Une telle union implique aussi une sorte d’ingérence, ou au moins un intéressement des deux États dans le règlement des conflits gelés situés sur leur territoire. Alors que la Géorgie mène une politique neutre avec l'Arménie, l’Azerbaïdjan est en situation de conflit gelé avec cette dernière. En outre, la question des minorités nationales présentes en Géorgie serait mise sous le feu des projecteurs dans le cas d’une alliance entre Tbilissi et Bakou : il est fort probable que l’Arménie, qui soutient depuis plusieurs années la stabilité de la région géorgienne de Samtskhe-Javakheti, où vit de manière compacte une forte minorité arménienne, verra d’un autre œil cette zone pacifiée en cas de rapprochement avec l’Azerbaïdjan. De son côté, l'Azerbaïdjan ne peut se permettre d’entrer en conflit avec la Russie (à l’instar de la Géorgie), car cette dernière est largement impliquée dans le règlement du conflit du Haut-Karabakh. Une telle confédération remettrait en question bien des relations diplomatiques.

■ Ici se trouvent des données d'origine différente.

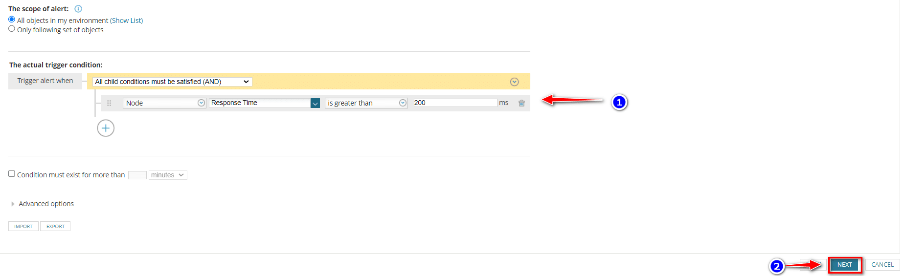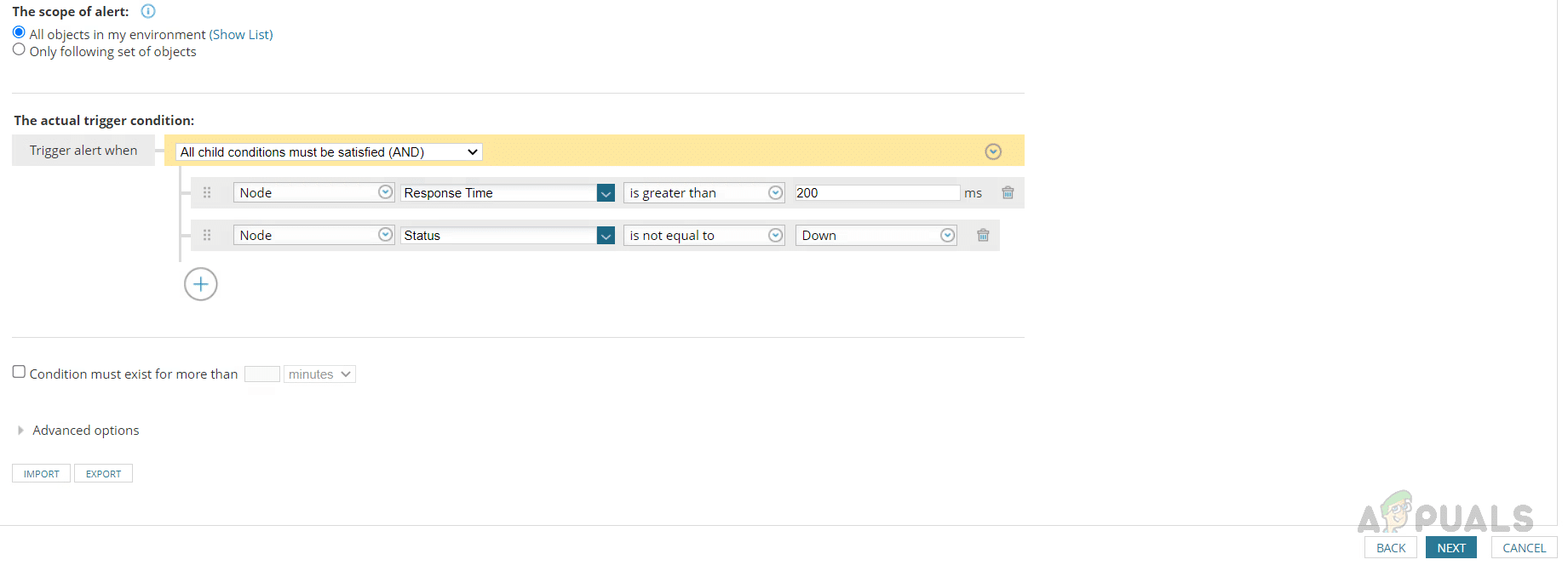 - قم بإعداد شرط التنبيه أدناه، يمكنك زيادة أو تقليل عتبة وقت الاستجابة حسب بيئتك. يتم تشغيل التنبيه كلما تجاوز وقت الاستجابة 200 مللي ثانية ويجب ألا تكون العقدة في حالة توقف. لمعرفة كيفية اختيار المتغيرات لشرط التشغيل، ارجع إلى المقال استخدام تنبيهات SolarWinds المتقدمة لإدارة مشكلات الشبكة.

Implications internationales : L’impossible casse-tête

La création d’une telle confédération aurait diverses implications pour les autres acteurs de la région: la Russie, l’Arménie, l’Iran et la Turquie.

La Russie suit non seulement les événements dans la région, mais réagit aussi assez vivement à ce qui touche à ses intérêts vitaux dans sa sphère d’influence, « l'étranger proche ». Elle est ainsi économiquement et diplomatiquement très impliquée en Arménie, pays enclavé qu’elle soutient logistiquement dans le conflit du Haut-Karabakh. Selon l’Accord signé entre ces deux États, les bases militaires russes se trouvant sur le sol arménien assurent la protection de ses frontières en cas d'intervention militaire d’États tiers. Ce positionnement expliquerait que le président géorgien n’évoque pas l’Arménie dans sa proposition: en termes géopolitiques, cette dernière fait partie de la verticale Russie-Arménie, formellement « opposée » à l’horizontale Géorgie-Azerbaïdjan. De surcroît, on peut y voir une tentative de s’allier l’Azerbaïdjan contre la Russie, afin de s’assurer un allié de poids dans la région.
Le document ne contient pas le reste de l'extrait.